What these data, I think, clearly show
is that failure to control tuberculosis anywhere in the world
translates into a failure to control TB everywhere in the world,
including in the United States.
Now, one of the myths I'd like to dispel about TB is that it's an old people's disease,
and that it mainly preys on those whose immune systems have waned
due to old age or to immunosuppressive therapy, and so on.
In fact, the reality is that around the world, tuberculosis is overwhelmingly a disease
of young adults.
And that's illustrated in the graphs shown here,
where, as you can see, looking on this side
at the age distribution along the y-axis
versus number of TB deaths along the x-axis,
TB deaths are overwhelmingly concentrated among adults in the age group 15-59.
It's very similar, in fact, to the demographic distribution of AIDS cases around the world,
which again, primarily afflicts young adults.
This is in stark contrast to most other infectious diseases, shown here.
These are the data compiled for all infectious diseases, except tuberculosis and AIDS.
And, as you can see, in contrast to tuberculosis,
most infectious diseases prey overwhelmingly on the very young.
Why does this matter?
Well, it matters because TB and AIDS,
since they remove precisely those individuals
in whom society has already invested
and those individuals who are sort of the backbone
of the socioeconomic structure in societies
have a disproportionate impact. Yes, they kill large numbers of people,
but they also kill that segment of the population that populations can ill afford to lose.
This is particularly true in developing countries where social security systems,
for example, may not exist, and where young adults
usually have dependents in both the young and the old age categories.
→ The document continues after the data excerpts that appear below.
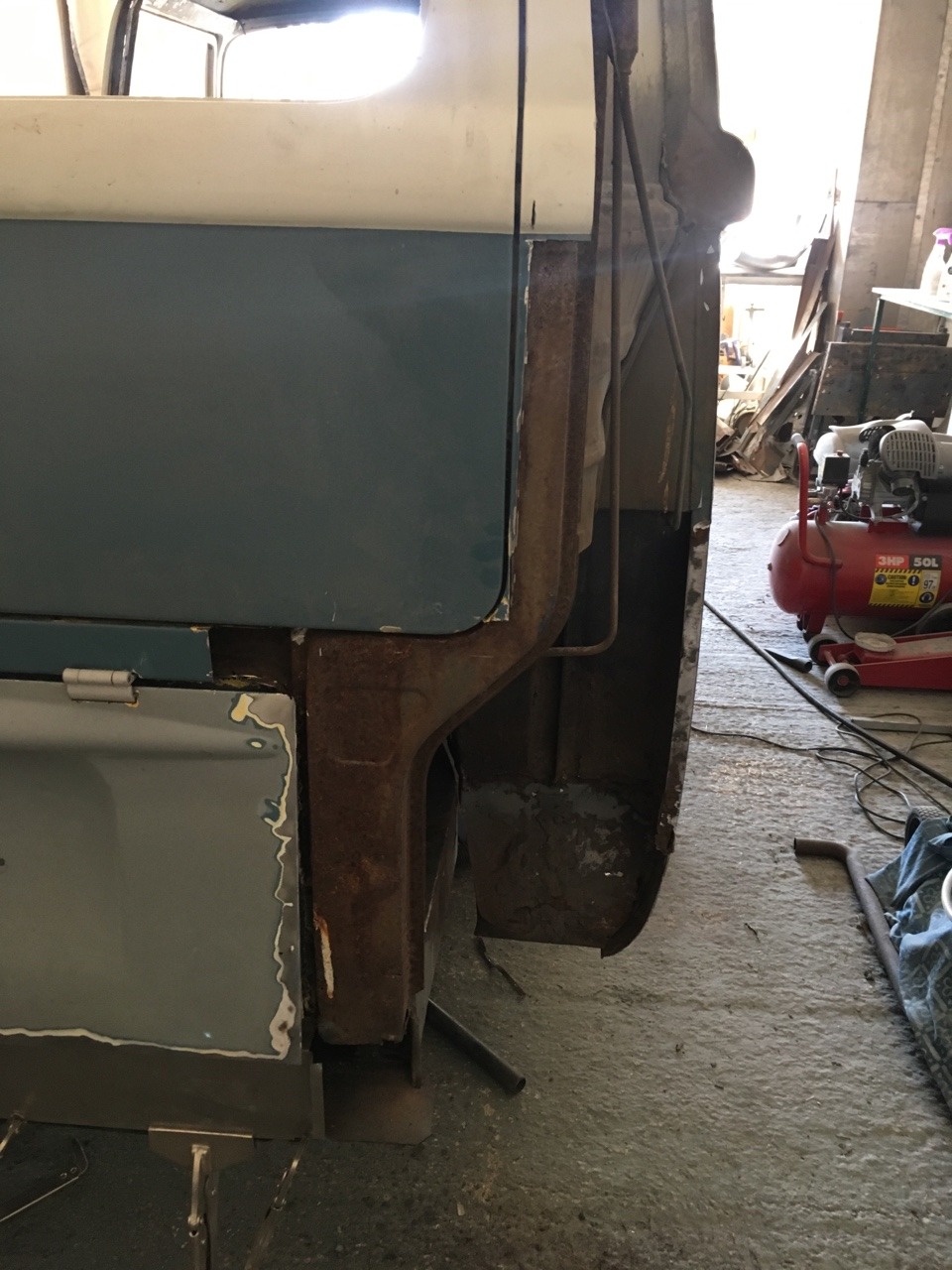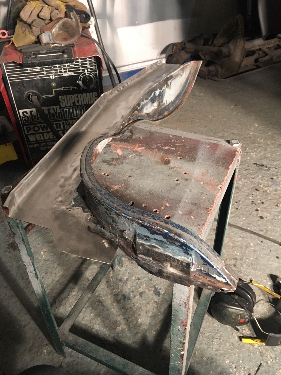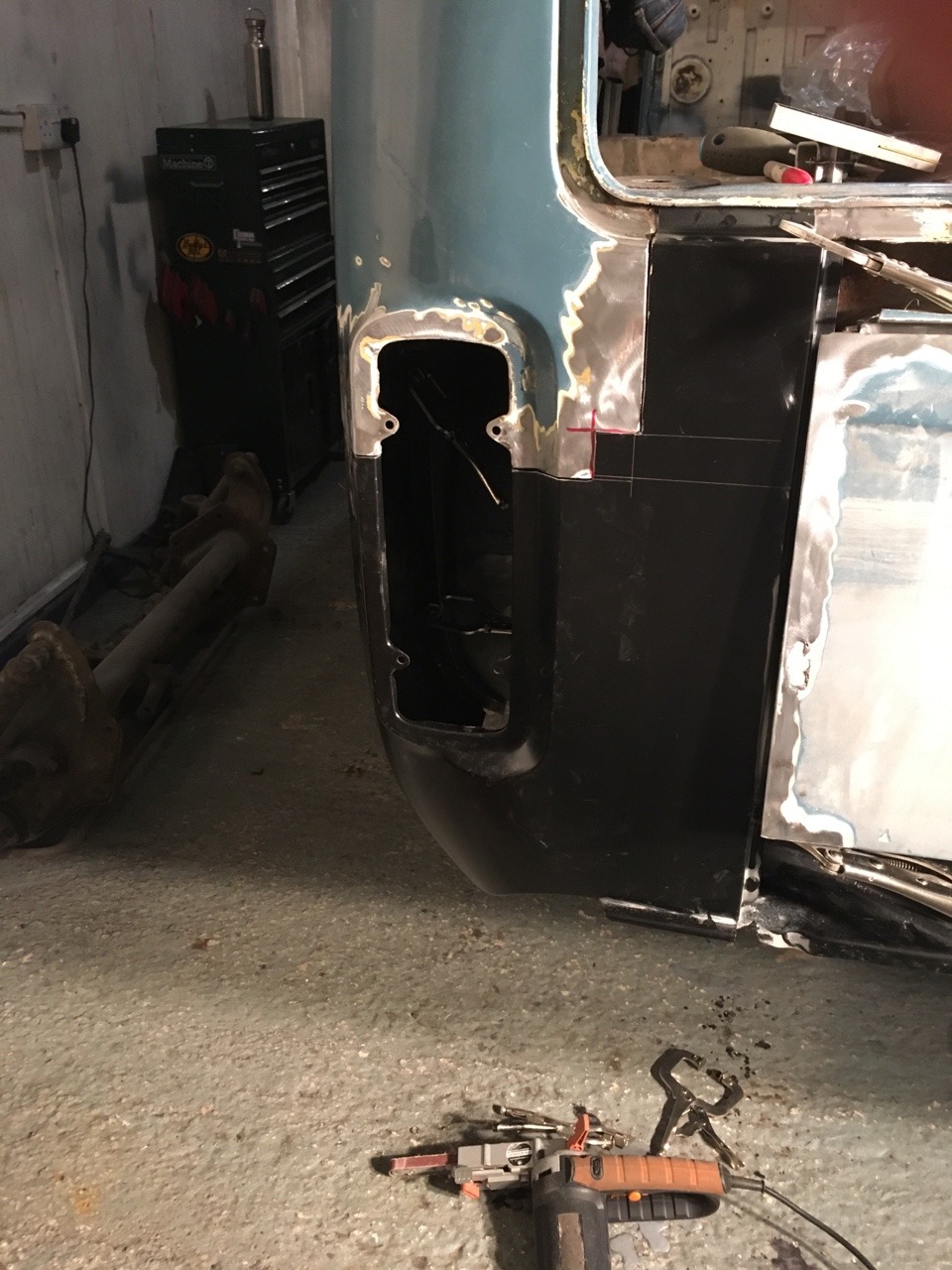Cut out the previous repair to the rear of the inner arch, which consisted of the original rusty piece sandwiched between two sheets of tacked on metal. I should get this repair welded in tomorrow and make a start on repairing the D pillars.
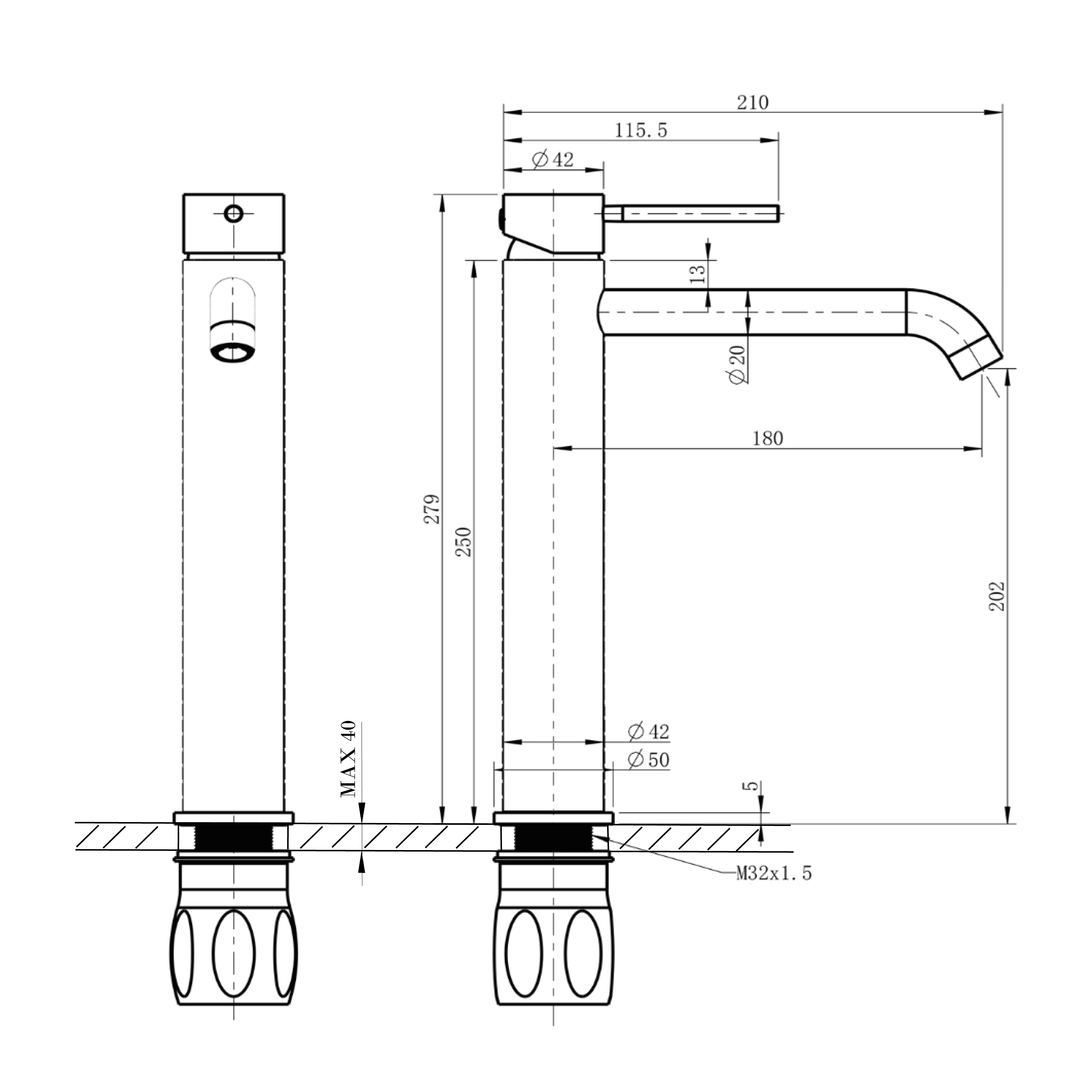 Prodloužené uchycení baterie, M32*1,5x80mm US335
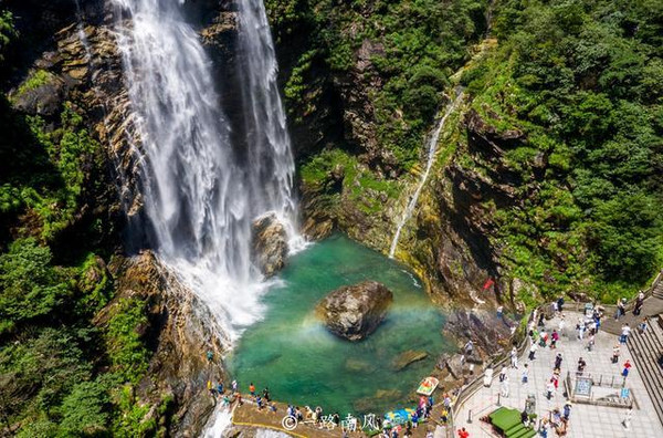 三叠泉景区位于庐山东南的九叠谷,集险峰怪石、飞瀑流泉于一身,它抛珠溅玉、气势磅礴,犹如龙腾虎跃,又好像银河倒挂于险崖之上,远观近看都非常壮观,自古享有“庐山第一奇观”的美誉, 同时被称为“世界上最壮丽、最优美的喀斯特瀑布”,民间一直有“未到三叠泉,不算庐山客”的说法,可见它的颜值有多么迷人。

In fact, it might surprise you to know that tuberculosis
continues to be the third leading cause of death worldwide
among young adults, age 15-59. ***/AIDS being first
and ischemic heart disease being second.
TB is also the third leading cause of morbidity among the young adult age group,
measured in terms of disability-adjusted life years,
rather than deaths.
So, this is a metric that was devised by Murray and Lopez
at Harvard University in the mid-1990s
which attempts to capture the disease burden caused by a condition
apart from simple mortality.
So, I think it's quite interesting in this context, for example...
just as an aside... that unipolar-depressive disorders,
which do not show up in the mortality charts at all,
have now become the second leading cause of disability-adjusted life years lost
worldwide, and are slated to become the leading cause within the next few decades.
This matters a great deal -- how we quantify the burden of disease --
because, of course, the allocation of resources follows the perceived need.
So, when we focus on morbidity, rather than mortality,
we target rather different conditions.